House Republicans from purple districts could have bucked the toxic bill, and given themselves some insulation from the wrath of “the resistance” in 2018. Instead, the vast majority sacrificed their own political best interests to advance the donor class’s whims.
Senate Republicans could have used their relative political invulnerability to bring Trumpcare into greater conformity with popular opinion. They could have looked at surveys showing that a majority of conservative Republicans support an increase in federal health-care spending, and oppose tax cuts for the rich; observed the near-unanimous opposition to their health-care bill from doctors, hospitals, insurers, retirees, and the disabled; and contemplated their minuscule four-vote majority in the upper chamber — and decided it was time to make a course correction.
Mitch McConnell could have negotiated a bipartisan agreement to appropriate funds shoring up the Obamacare marketplaces, in exchange for measures granting red states greater regulatory flexibility. Such a bill would have been closer to the substantive preferences of Republican voters than Trumpcare ever was. It would have stabilized the individual market and kept premiums in check. And it would have allowed the GOP to honor the Senate’s procedural norms, and collect the plaudits of the centrist press.
Instead, Senate Republicans chose to serially debase themselves, and their institution, in service of their donor’s fringe ideology.
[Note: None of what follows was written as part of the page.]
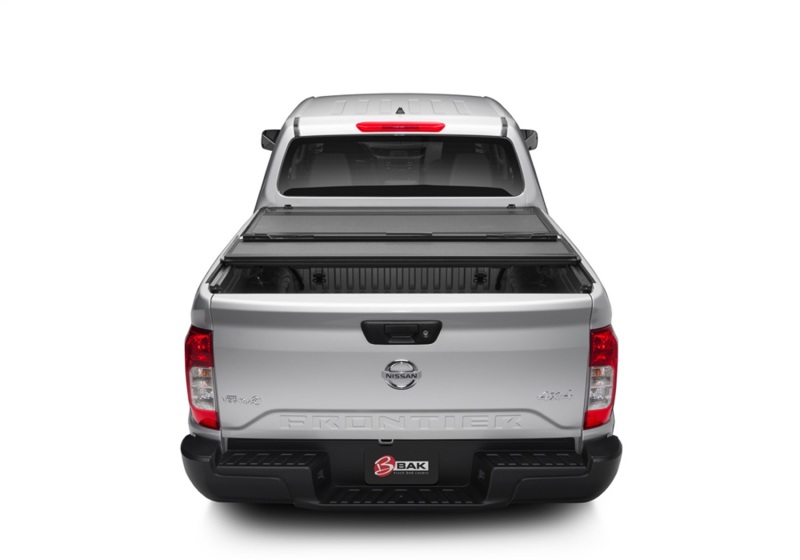 The BAKFlip MX4 isn't only durable, it's also sleek and stylish. Unlike competitors, the BAKFlip MX4 sits flush with your pickup's bed rails, practically disappearing into your truck's profile. And with a sleek, textured matte black finish across all surfaces, the MX4 looks great whether open or closed.. The best-selling truck bed cover in the world just got better.Introducing the new and improved RealTruck BAKFlip(R) MX4 (GEN 3)—an evolution of RealTruck's most popular tonneau cover. This next-generation upgrade builds on everything truck owners already love about MX4, now enhanced with improved functionality, greater durability, and elevated security.The new and improved BAKFlip MX4 is constructed primarily from alloy materials, including heavy-duty aluminum top panels and side rails. Reinforced with high-density polymer cores, each panel delivers a 22 percent increase in overall strength compared to the original model.Security is also enhanced. In addition to BAK's patented auto-latching system, which automatically secures the cover when closed, the BAKFlip MX4 (GEN 3) features re-engineered lock components for improved resistance to forced entry compared to the GEN 2. No matter the cargo you're transporting, you can rest assured knowing your gear's protected.When the weather turns, the BAKFlip MX4 (GEN 3) holds strong. Revised EPDM rubber perimeter seals and tight-fit clamps provide our best seal yet, preventing seepage between the bed cover and bed rails. At the rear of the cover, a 13 percent longer dual-action tailgate seal provides weather protection for the tailgate. This innovative design also improves operation, maintaining factory tailgate functionality regardless of the cover's position.The BAKFlip MX4 isn't only durable, it's also sleek and stylish. Unlike competitors, the BAKFlip MX4 sits flush with your pickup's bed rails, practically disappearing into your truck's profile. And with a sleek, textured matte black finish across all surfaces, the MX4 looks great whether open or closed.. BAKFlip MX4 (GEN 3) Hard Folding Truck Bed Cover - Matte Finish - 2022-2026 Nissan Frontier 5' Bed with or without Utili-Track System. BAKFlip MX4 (GEN 3) Hard Folding Truck Bed Cover-Matte Finish-2022-2025 Nissan Frontier 5ft. Bed with or without Utili-Track System. High-density polymer-reinforced aluminum top panels are 22 percent stronger than the original MX4. Redesigned Rail And Clamp Design Combine For An Easier-Than-Ever- No-Drill Installation. Re-engineered automatic latching panels offer improved security over the GEN 2 design. Heavy-Duty Aluminum Panel And Rail Construction Supports More Than 400Lbs. Of Weight. Re-engineered perimeter seals and tight-fit clamps for superior weather protection. Premium rubber bumpers protect the cab when folded into the upright position. Weather-Resistant Rubber Seals And Plastic End Caps For Superior Protection. Refined Latch System Reduces Cable Fatigue For Smooth Effortless Operation. BAKFlip MX4 (GEN 3) 22-25 Frontier 5ft. w/or w/out Utili-Track System. BAKFlip MX4 (GEN 3) 22-26 Frontier 5' w/ or w/out Utili-Track System. Extra-long, dual-action tailgate seal available on most applications. Premium Rubber Bumpers Protect The Cab From Contact With The Cover. 12 percent quicker installation with all-new click-in design. Extra-Strong Prop Rods Firmly Secure Cover In Open Position. Cover Folds Toward The Cab For Easy 100 Percent Bed Access. BAK 2022 Nissan Frontier 5ft Bed BAKFlip MX4 Matte Finish. Comprehensive 3rd brake light visibility in all positions. Matte-Black Exterior Finish Adds A Subtle Stylish Accent. Striking textured black finish across all components. Precision-engineered aluminum side rails and frame. Folds against the cab for 100 percent bed access. Re-engineered prop rod clips for a secure hold. Integrated Drain Tubes Ensure Cargo Stays Dry. 400 lbs. weight capacity (evenly distributed). BAKFlip MX4 (GEN 3) Tonneau Cover. Integrated water drainage system. Simple one-person installation. Limited Five-Year Warranty. BFMX4 22-25 Frntr 5ft.. Assembled in Missouri. BFMX4 22-26 Frntr 5'. BFMX4 22-25 Frntr 5f. 5-year warranty. Tonneau Cover

To sidestep the overwhelming opposition of their ostensible constituents, Senate Republicans avoided hearings and town halls; kept their bills secret until days — or hours — before voting; tried to pass said bills faster than the Congressional Budget Office could score them; and, when that failed, attacked the CBO as a Democratic front group. In so doing, they made a joke of their past criticisms of the Obamacare process, and a mockery of their own promises to voters on the issues of Medicaid, the opioid crisis, and preexisting conditions. And they ensured that — as their party seeks to protect its majority in next year’s midterms — premiums in the individual market will spike by double digits.
Despite the fact that senators are insulated from special-interest pressure by their lengthy terms and name recognition, all but three members of the Senate Republican caucus were willing to forfeit their very integrity just to prevent the party’s Atlases from shrugging.
In return for campaign contributions, the Republican Party has awarded its donor class a subservient federal bureaucracy, a second Lochner era in American jurisprudence, and the slavish obedience of the House of Representatives, and 49 GOP senators. Any other interest group would die to have this much clout within one of America’s two major parties.
Conservative megadonors aren’t pitching a conniption because the GOP has failed to serve their interests — they are throwing a fit because the party has spoiled them rotten. Back in the day, revanchist plutocrats would have been grateful to see the United States slouching towards oligarchy. Today’s mollycoddled generation expects it to have arrived there months ago.